*EXERCISE PROMPT*. An exact transcription of every record below is required, with the pictures left out.

*** Block opens ***

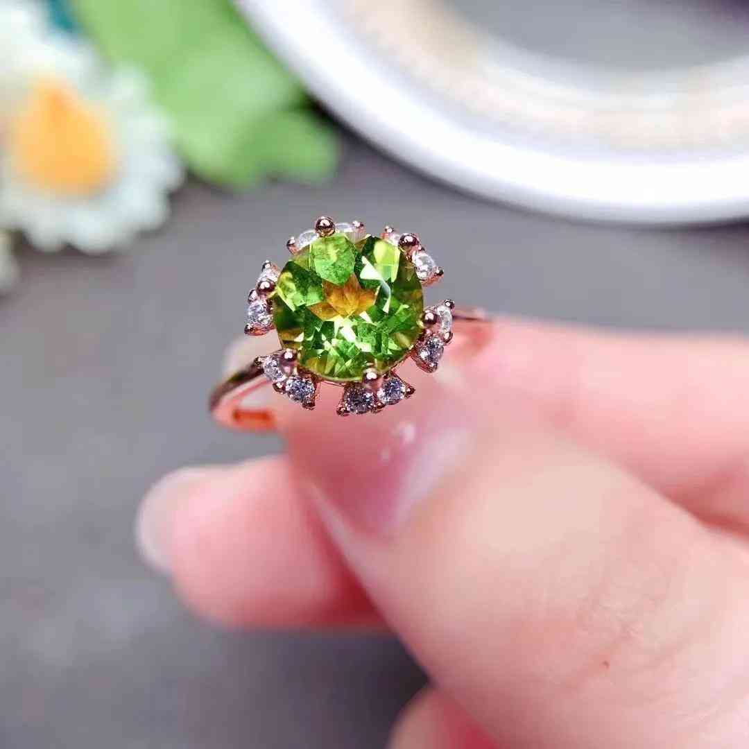 主石:天然橄欖石8mm圓形戒面
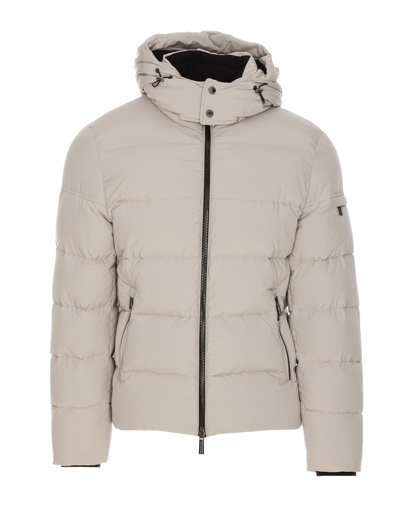 Moorer grey Brett down jacket with frontal zip closure, removable hood detail, lateral zip pockets, padded, lateral zip pockets, cuffs Composition: 100% Polyester, 100% Polyamide, Real Goose Down
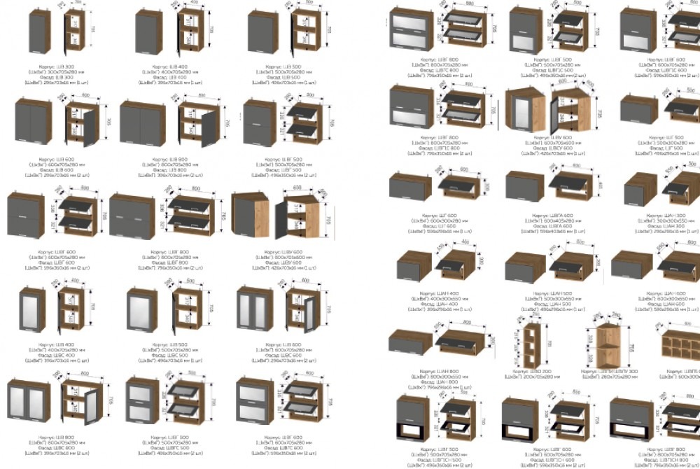 Представлены стандартные кухни шириной 1,6/2,0/2,5/2,6 метра. Также можно заказать кухню с другими наборами модулей.
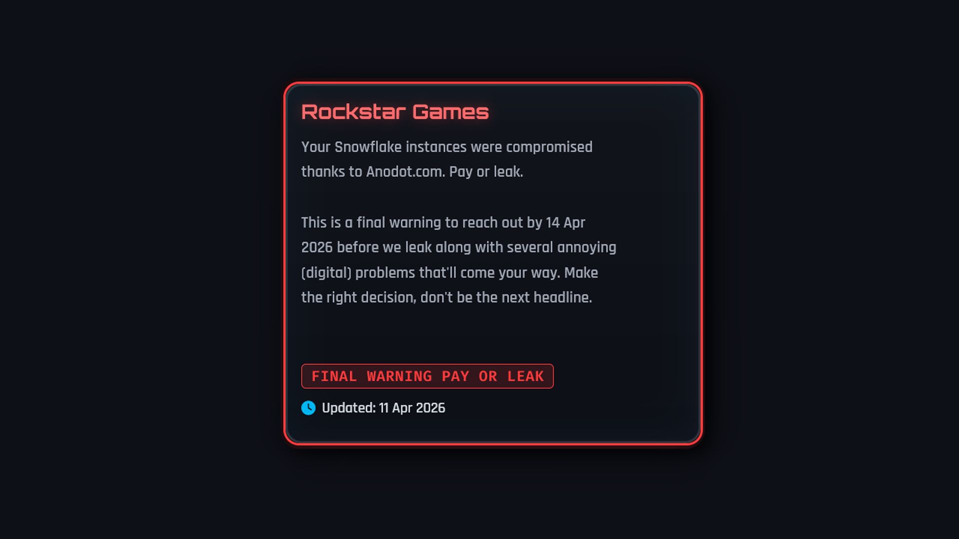 “Rockstar Games,您的Snowflake 实例因Anodot.com 受到威胁。支付赎金或泄露数据,”他们在暗网上发帖。 “这是您最后一次警告,请在2026 年4 月14 日之前联系我们,否则我们将泄露数据,以及一系列烦人的(数字)问题。”做出正确的决定,不要成为下一个头条新闻。 '
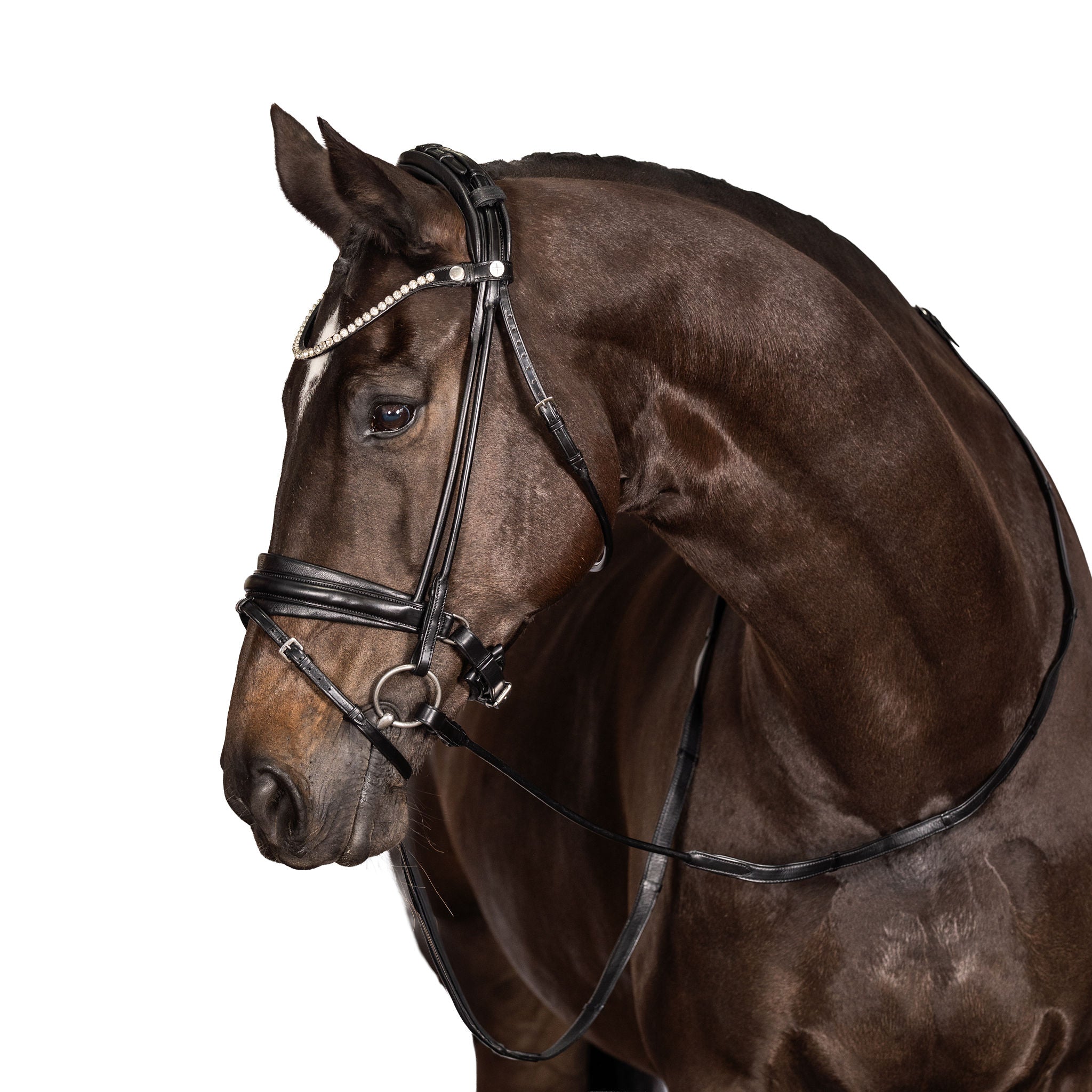 The nosebands on the LT dressage bridles all feature a 5 keeper configuration to ensure a neat finish and made to measure look. The noseband on each of the LT snaffle bridles also features a crank pad finished with a unique keeper saver. Never lose a noseband keeper again!
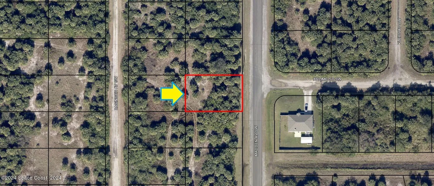 It's a .23 acre buildable residential lot with powerlines at the street available in Port Malabar Unit #49 of Palm Bay. Located in the southwest section, this lot is just 1.4 miles - 4 minutes to Bayside High School, 2.7 miles - 7 minutes to the Publix Supermarket, 14 miles - 30 minutes to Melbourne Airport, and 17.1 miles - 37 minutes to the beaches of Indialantic. From exit #176 of I-95 go west on Palm Bay Road for .7 miles, left on Minton Road for 3.3 miles, right on Jupiter Boulevard, quick left on DeGroodt Road for 2.5 miles, right on JA Bombardier Boulevard for .9 miles, and left on Madden Avenue. The lot will be on your right in .3 miles. Owner will only consider (a) a full price offer, and (b) a closing AFTER 01/02/2026 (this is for tax purposes).
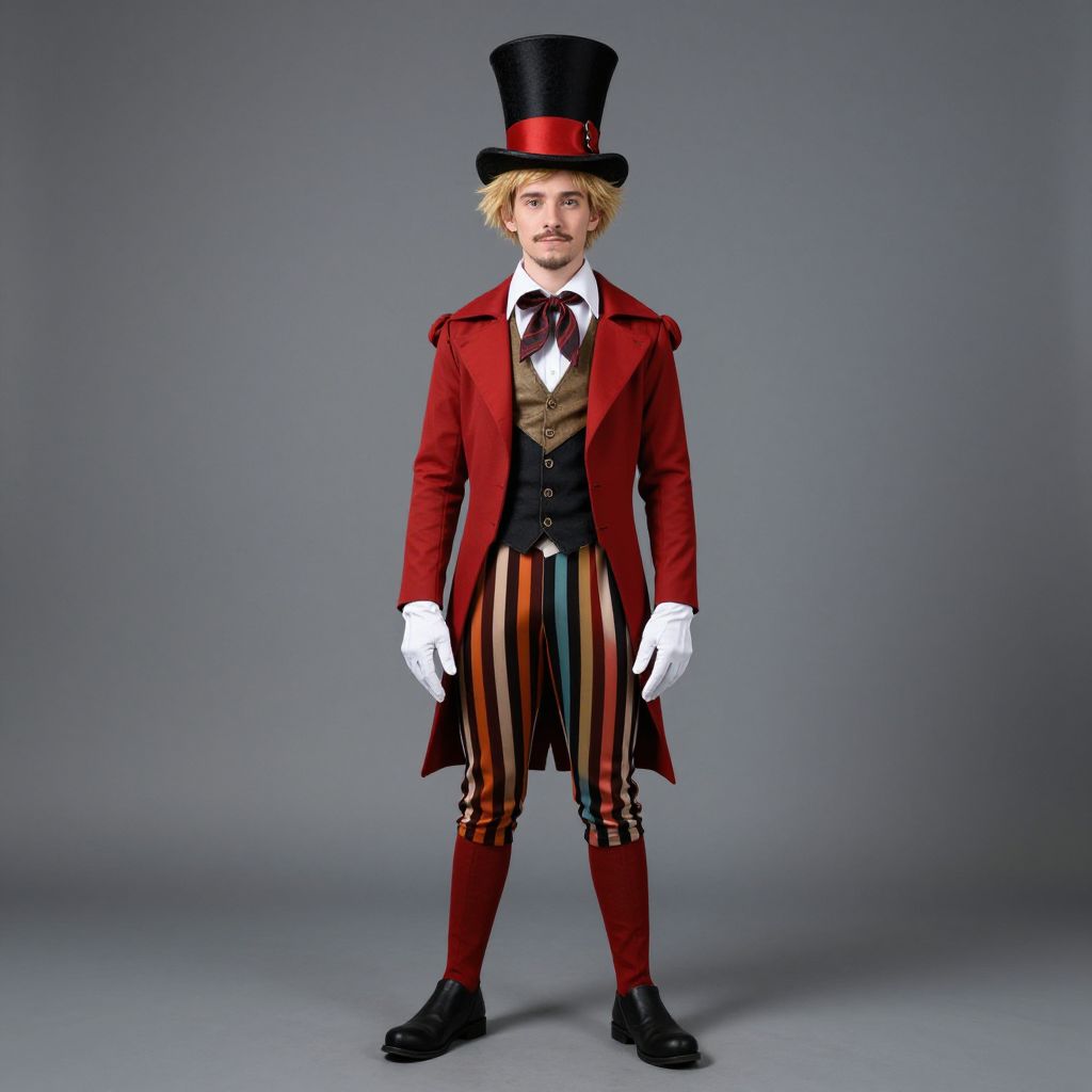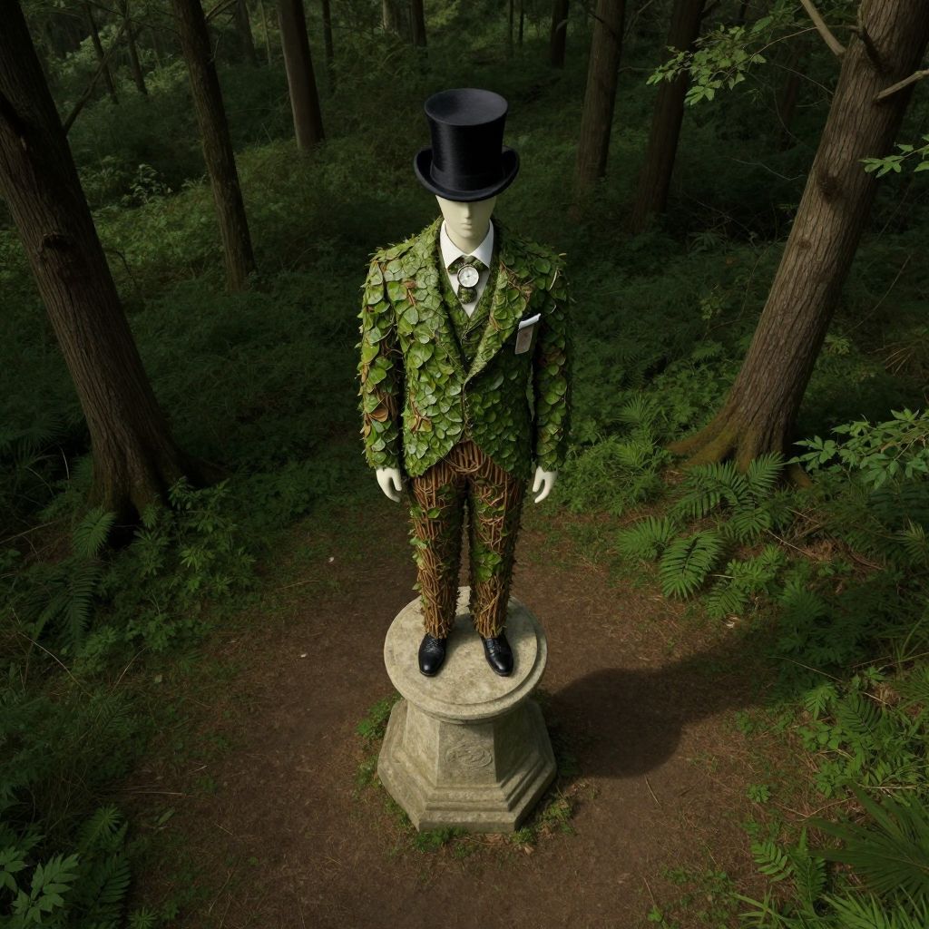 Craft an image embodying the dreamlike surrealism reminiscent of Magritte's distinctive style, featuring a mannequin perched atop a stately stone pedestal within a shadowy forest glade. The mannequin is adorned in an elaborate suit mirroring that of a Victorian gentleman, complete with a top hat and a watch defying gravity. Crafted from leaves and twigs, the suit seamlessly integrates into its natural surroundings. Capture this surreal scene through an aerial 'bug's-eye view' perspective as one approaches from above, emphasizing the mannequin's unnerving stillness against the verdant forest. This enigmatic composition invites viewers to explore Magritte's captivating realm where reality intertwines with fantasy, sparking curiosity and wonder.
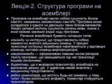 Лекція-2 Структура програми на асемблері l l l
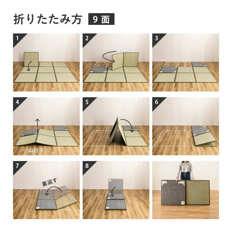 置き畳を縫製して繋げ、折りたためるい草連結置き畳として登場。
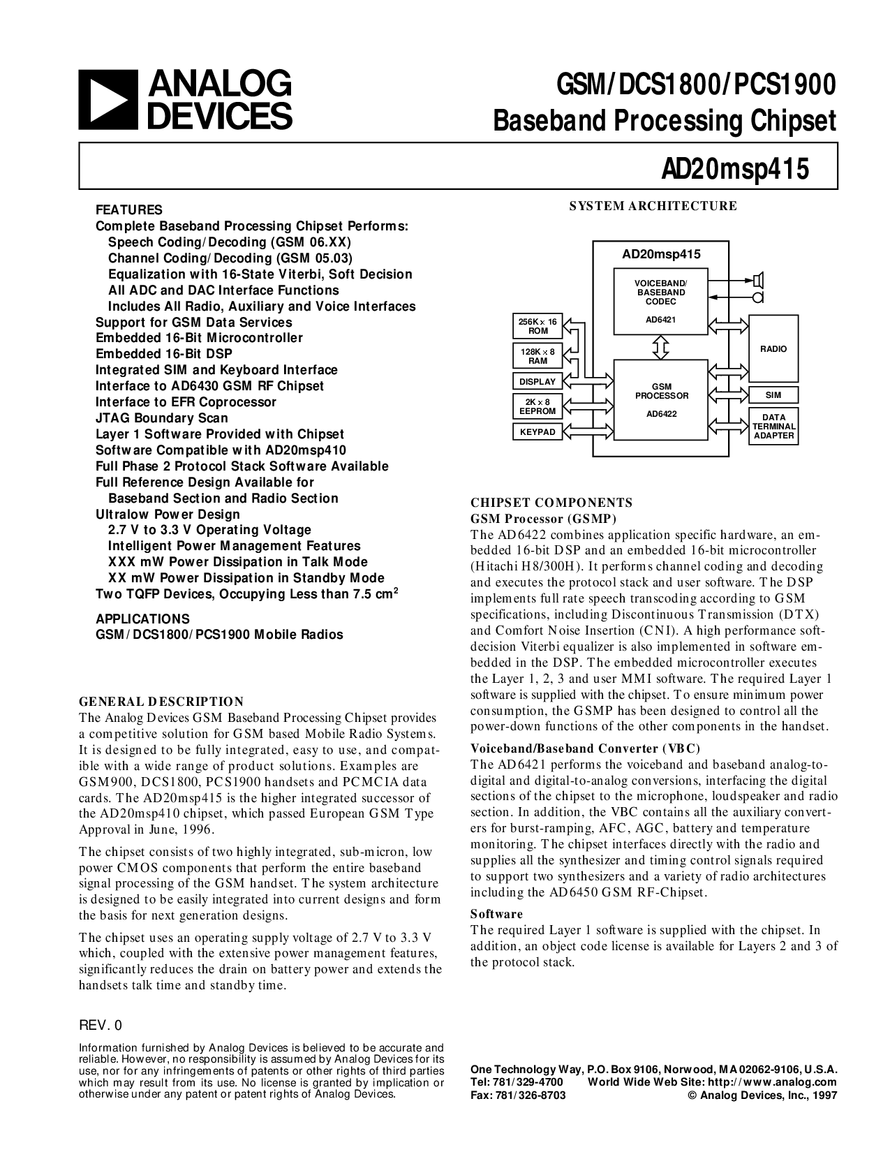 这 模拟 设备 gsm 基带 加工 芯片组 提供
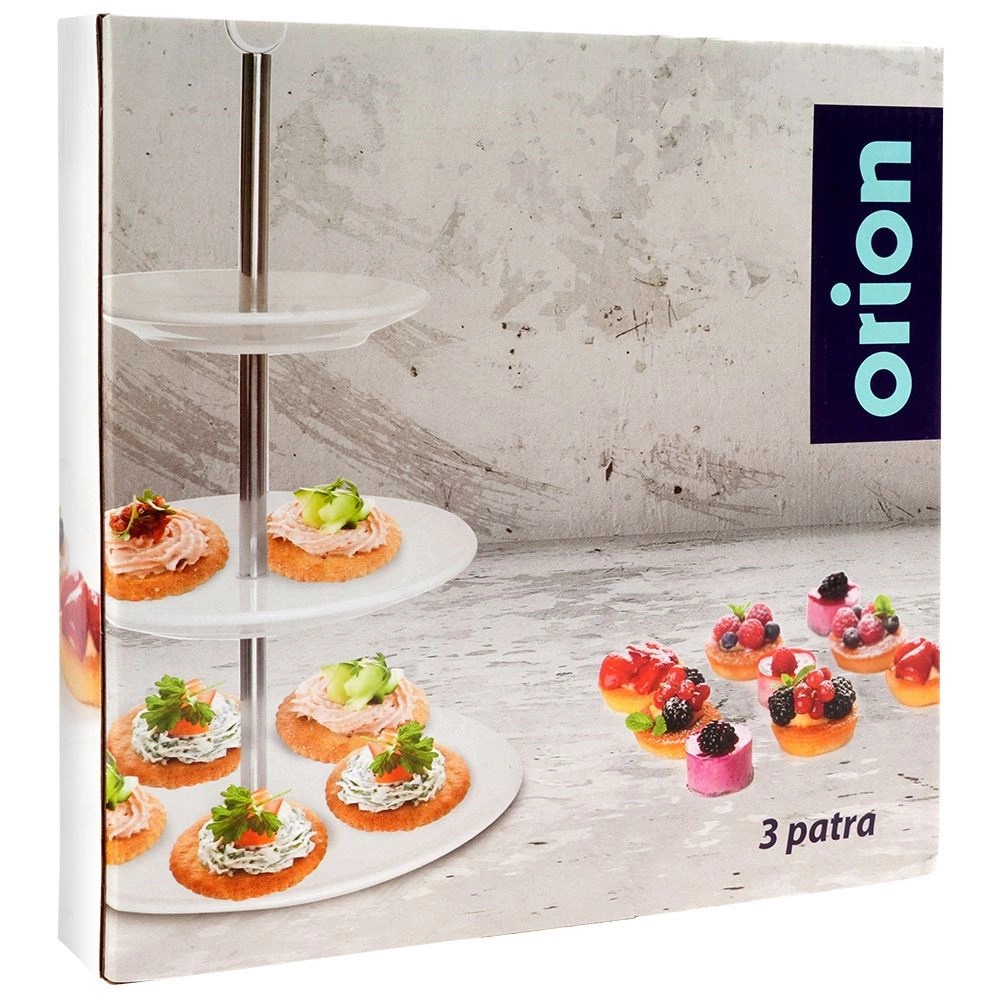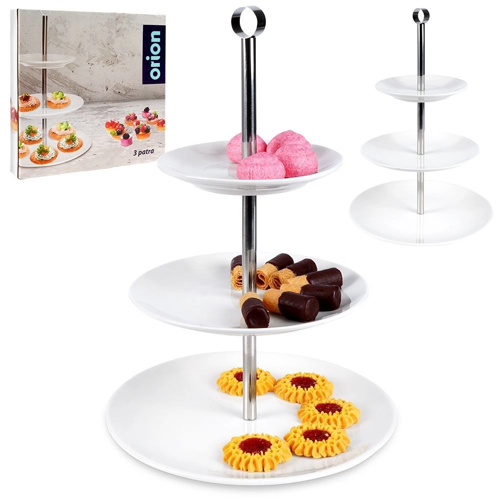 Deze stijlvolle etagère met bordsdiameters van 25,5 cm, 20,5 cm en 15,5 cm laat gebak, koekjes, macarons, fruit en hartige hapjes fraai uitkomen. De driedelige opbouw creëert een aantrekkelijke presentatie op meerdere niveaus en bespaart tegelijk ruimte op tafel.

*** Block closes ***

*SOLVED EXERCISE*.
 主石:天然橄欖石8mm圓形戒面
 Moorer grey Brett down jacket with frontal zip closure, removable hood detail, lateral zip pockets, padded, lateral zip pockets, cuffs Composition: 100% Polyester, 100% Polyamide, Real Goose Down
 Представлены стандартные кухни шириной 1,6/2,0/2,5/2,6 метра. Также можно заказать кухню с другими наборами модулей.
 “Rockstar Games,您的Snowflake 实例因Anodot.com 受到威胁。支付赎金或泄露数据,”他们在暗网上发帖。 “这是您最后一次警告,请在2026 年4 月14 日之前联系我们,否则我们将泄露数据,以及一系列烦人的(数字)问题。”做出正确的决定,不要成为下一个头条新闻。 '
 The nosebands on the LT dressage bridles all feature a 5 keeper configuration to ensure a neat finish and made to measure look. The noseband on each of the LT snaffle bridles also features a crank pad finished with a unique keeper saver. Never lose a noseband keeper again!
 It's a .23 acre buildable residential lot with powerlines at the street available in Port Malabar Unit #49 of Palm Bay. Located in the southwest section, this lot is just 1.4 miles - 4 minutes to Bayside High School, 2.7 miles - 7 minutes to the Publix Supermarket, 14 miles - 30 minutes to Melbourne Airport, and 17.1 miles - 37 minutes to the beaches of Indialantic. From exit #176 of I-95 go west on Palm Bay Road for .7 miles, left on Minton Road for 3.3 miles, right on Jupiter Boulevard, quick left on DeGroodt Road for 2.5 miles, right on JA Bombardier Boulevard for .9 miles, and left on Madden Avenue. The lot will be on your right in .3 miles. Owner will only consider (a) a full price offer, and (b) a closing AFTER 01/02/2026 (this is for tax purposes).
 Craft an image embodying the dreamlike surrealism reminiscent of Magritte's distinctive style, featuring a mannequin perched atop a stately stone pedestal within a shadowy forest glade. The mannequin is adorned in an elaborate suit mirroring that of a Victorian gentleman, complete with a top hat and a watch defying gravity. Crafted from leaves and twigs, the suit seamlessly integrates into its natural surroundings. Capture this surreal scene through an aerial 'bug's-eye view' perspective as one approaches from above, emphasizing the mannequin's unnerving stillness against the verdant forest. This enigmatic composition invites viewers to explore Magritte's captivating realm where reality intertwines with fantasy, sparking curiosity and wonder.
 Лекція-2 Структура програми на асемблері l l l
 置き畳を縫製して繋げ、折りたためるい草連結置き畳として登場。
 这 模拟 设备 gsm 基带 加工 芯片组 提供
 Deze stijlvolle etagère met bordsdiameters van 25,5 cm, 20,5 cm en 15,5 cm laat gebak, koekjes, macarons, fruit en hartige hapjes fraai uitkomen. De driedelige opbouw creëert een aantrekkelijke presentatie op meerdere niveaus en bespaart tegelijk ruimte op tafel.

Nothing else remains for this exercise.